Bald höhere Zinsen in den USA?: Fed heizt Spekulationen an

Zinserhöhungen sind in den USA mittlerweile kein Unwort mehr. Möglicherweise kommen sie sogar schneller als gedacht. Ganz sicher sind sich aber selbst die Experten nicht. Wer beim Zinsthema mitreden will, sollte ein paar Dinge wissen.

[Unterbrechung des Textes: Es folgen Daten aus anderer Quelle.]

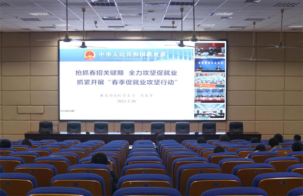2月28日下午,为深入贯彻党的二十大精神,认真落实党中央、国务院“稳就业”“保就业”决策部署,全力促进高校毕业生顺利就业尽早就业,教育部召开了2023届全国普通高校毕业生就业工作第二次视频调度会议。教育部高校学生司司长孙海波、副司长吴爱华出席会议并讲话。我校在致远楼学术报告厅设分会场,副校长陈世平出席,学生处、保卫处、教务处、招就处、团委主要负责人,各二级学院党总支书记、院长、就业专干等参加会议。
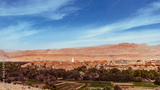 Traditional adobe village Tinghir of the Moroccan atlas valleys with oasis

Nach der historischen Zinssenkung der Europäischen Zentralbank schielen Volkswirte und Finanzmanager jetzt in aller Welt auf die US-Notenbank Federal Reserve (Fed). Auch jenseits des Atlantiks deuten sich bahnbrechende Entscheidungen an - die Frage ist nur, wann. Möglicherweise dauert es ein bisschen länger.

Was macht diese Zinssitzung der Fed so spannend?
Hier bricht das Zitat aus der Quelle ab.